<<<<

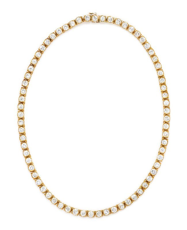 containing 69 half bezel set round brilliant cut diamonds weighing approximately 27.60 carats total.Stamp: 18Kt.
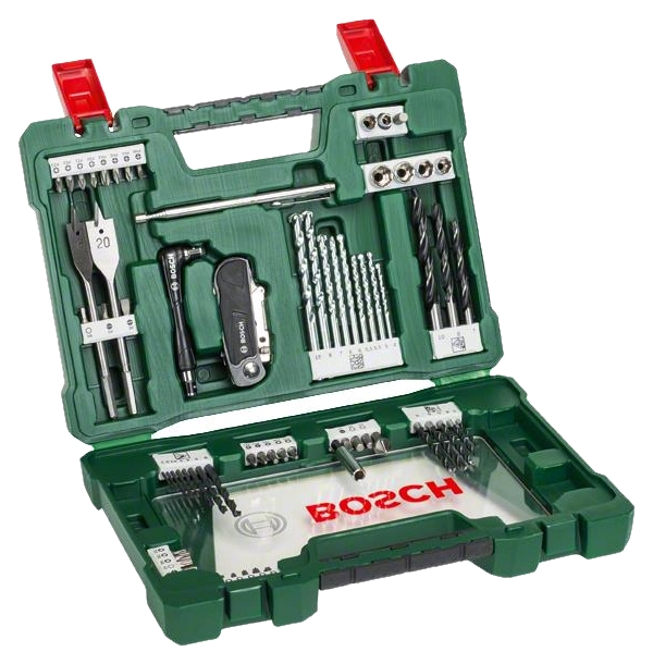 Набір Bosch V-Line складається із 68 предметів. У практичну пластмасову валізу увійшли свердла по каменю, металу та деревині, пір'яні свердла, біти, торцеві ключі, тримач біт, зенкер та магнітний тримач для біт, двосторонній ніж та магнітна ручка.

>>>>
<<<<

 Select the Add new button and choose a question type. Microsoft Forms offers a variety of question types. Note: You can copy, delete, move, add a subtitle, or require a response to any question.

>>>>
<<<<

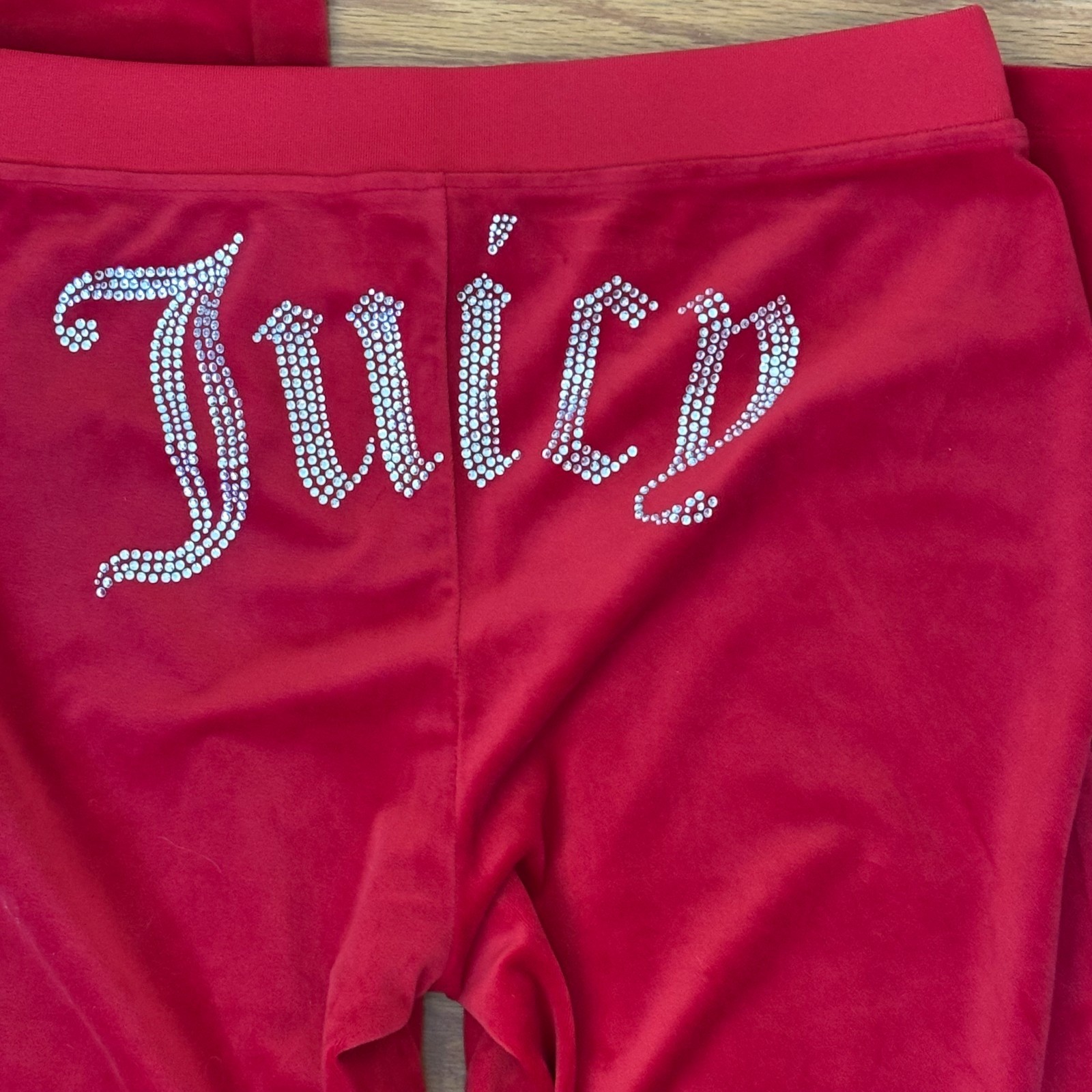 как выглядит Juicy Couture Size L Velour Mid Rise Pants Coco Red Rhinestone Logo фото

>>>>

— HOW TO COMPLETE THIS TASK —
From the listing above, repeat only the lines between the line containing "containing 69 half" and the line containing "Набір Bosch V-Line", those two included. Pictures are not part of the copy.

— ANSWER BOX —
 containing 69 half bezel set round brilliant cut diamonds weighing approximately 27.60 carats total.Stamp: 18Kt.
 Набір Bosch V-Line складається із 68 предметів. У практичну пластмасову валізу увійшли свердла по каменю, металу та деревині, пір'яні свердла, біти, торцеві ключі, тримач біт, зенкер та магнітний тримач для біт, двосторонній ніж та магнітна ручка.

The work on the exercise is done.